If we set k = -m*g/n and
a = (m*g/n)*Fr - M,

this equation becomes a recognizable form,

dF/dt = kF + a.

The general solution with a parameter A to be determined is

(6) F = A*exp(k*t) - a/k

Putting the equivalents of k and a back into equation (6) we get

F = A*exp(-m*g*t/n) + Fr - M*n/(m*g)

At t = 0 (where F = F0) we have

F0 = A + Fr - M*n/(m*g), or

A = F0 - Fr + M*n/(m*g)

This leads to the final solution for F:

F = F0*exp(-m*g*t/n) + (Fr - M*n/(m*g)]*[(1 - exp(-m*g*t/n)]
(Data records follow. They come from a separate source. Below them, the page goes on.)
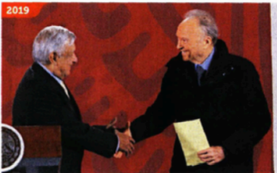
2019 Con el morenista Andrés Manuel López Obrador fue designado Fiscal General.

“ Los ‘enemigos’ del titular de la FGR son el único blanco de la justicia, su justicia. Prueba de ello son las diversas investigaciones (fabricaciones), persecuciones y pesquisas que ha iniciado”.
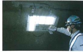
トンネル照明の点検
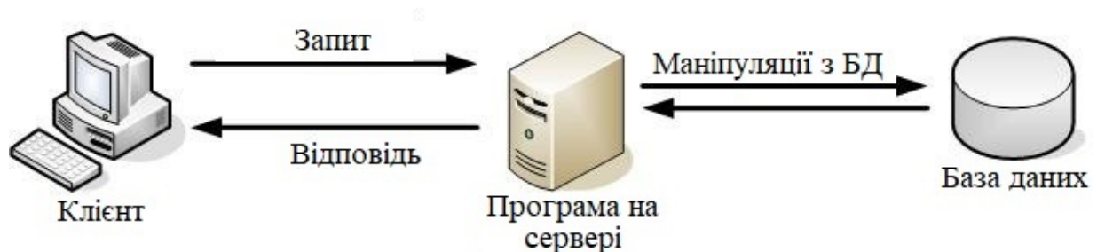
Рисунок 1 – Технологія «Клієнт – сервер»

«Клієнт – сервер» – це архітектура програмного комплексу, в якій відбувається розподіл програми на два логічні компоненти (клієнт і сервер), які взаємодіють за схемою «запит – відповідь» і вирішують певні завдання (рис. 1) [2].
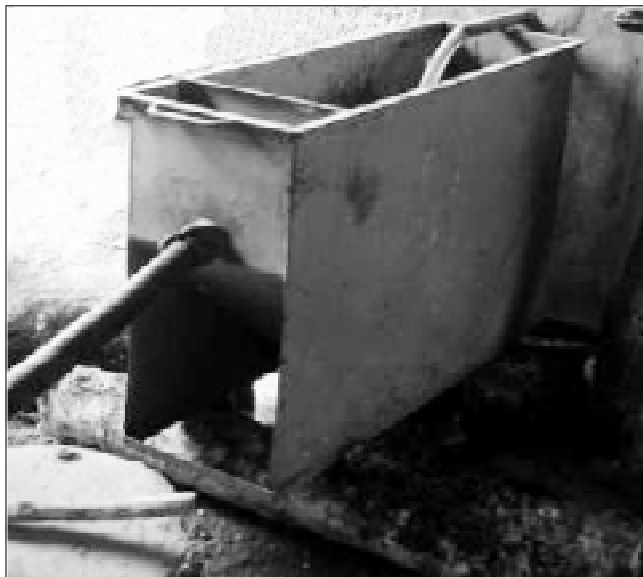
Figura 2. Vista general del prelimpiador de jugos de caña.

That's the best I can do. I hope I did this right. The only way to check
the answer is to run a simulation and see if the analytical solution
matches the simulation output. I'll try to do that. If anybody else on
the net cares to check my solution I would be grateful. I've spent too
many years avoiding having to do this kind of math.

···

----------------------------
I don't know if I can express intelligibly what your mistake was in step
2. The basic problem is that you presented an equation for F as if the
effect of R simply increases linearly with time. But R depends on F, so
the real solution will not be a linear function of time. You have to
approach the solution in increments of dt, and as you can see the result
is a different form of the equation for F. Some of your numerical
results may be right, since you used the balance between mR and m to
find them. But some others may be wrong -- we'll see.
-----------------------------------------------------------------------
Best,

Bill P.

[From Bruce Abbott (960105.1900 EST)]

Bill Powers (950104.1635 MST) --

Bruce Abbott (960104.1430)

A very interesting model you have come up with. I admire your
mathematical bravery!

Well, I don't know about bravery. You know what they say about fools
rushing in!

I don't know if I can express intelligibly what your mistake was in step
2. The basic problem is that you presented an equation for F as if the
effect of R simply increases linearly with time. But R depends on F, so
the real solution will not be a linear function of time. You have to
approach the solution in increments of dt, and as you can see the result
is a different form of the equation for F. Some of your numerical
results may be right, since you used the balance between mR and m to
find them. But some others may be wrong -- we'll see.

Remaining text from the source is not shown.